[Geany-devel] C/C++ Header filetypes (Re: Committed Project Build Commands to build-system branch)
nick.treleaven at xxxxx
Tue Nov 11 12:46:49 UTC 2008
On Tue, 11 Nov 2008 14:26:39 +1100
"Lex Trotman" <elextr at gmail.com> wrote:
> C++ headers are potentially much more complex than C ones with
> templates and inline functions in them. So not having language
> support is significant. The C++ application I am working on (and
C++ headers are not a separate language from C++ source files, they
are the same language. Same for C headers.
> The point of all this is that providing support for the C++ .h files
> is important, so correctly detecting them is important. So is
Agreed, the first line detection would be a good feature.
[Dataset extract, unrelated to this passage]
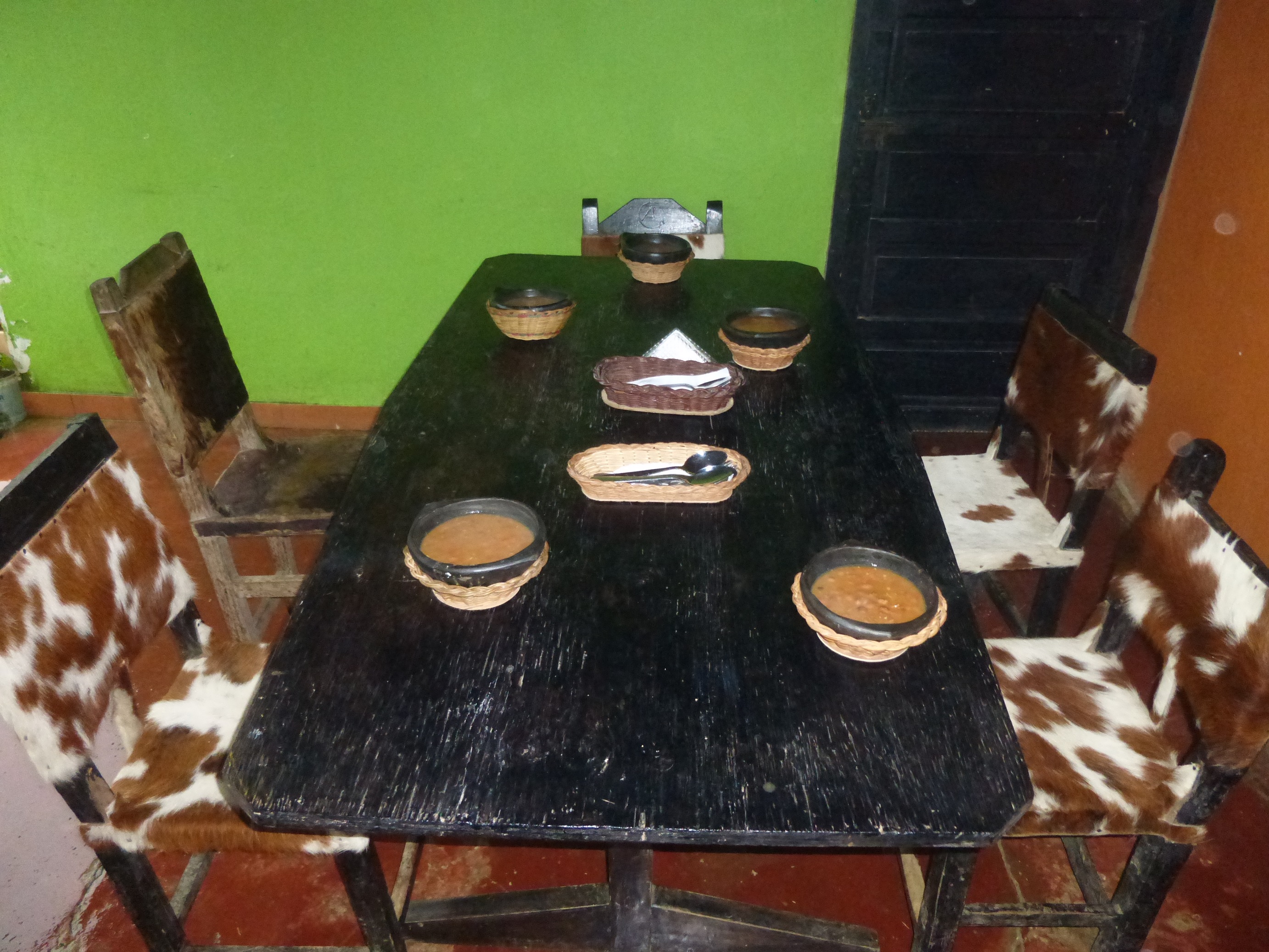 Ha empezado a llover fuerte durante toda la caminata y ahora que llegamos a Santa Elena la lluvia se ha intensificado tanto que no podemos salir de la finca, aunque también se agradece descansar un poco y secarse mientras nos traen aguapanela con limón, una bebida excelente y también una deliciosa cena colombiana.

> Having separate C++ header templates with the mark already in it
> would help users to remember to add it. BTW it would be good to have
I don't think we should encourage people to make C++ header files with
a .h extension, they should use an extension unique to C++.
BTW with custom file templates you can have as many templates as you
like for the same filetype, so you could have header.hpp, source.cpp,
etc template files.
> In terms of using make object, the .h doesn't compile to a .o file so
> thats no good, and I have to admit I don't quite see how make could
I meant when you have a foo.h file and a foo.c file, you can use Make
Object on the foo.h file.
When you only have a foo.h file, this is where having custom filetype
commands would be helpful - either a command to compile the header or a
syntax check command. (This could also be a project command).
> I can understand your concern about flow on effects with other
> languages, unfortunately I don't know enough of them to contribute to
There could be special files for some languages that require different
build commands, but if they are the same language they should not have
a separate filetype. This is a build command issue, not a filetype one.
> In summary my judgement is that C++ users (me, I'm not claiming to be
> unbiased) would gain significantly by having proper header file
> support and C users much less. And I don't see that either user
> community loses anything.
This would cause more code to maintain, and more checks for header
filetypes as well as the source file filetypes.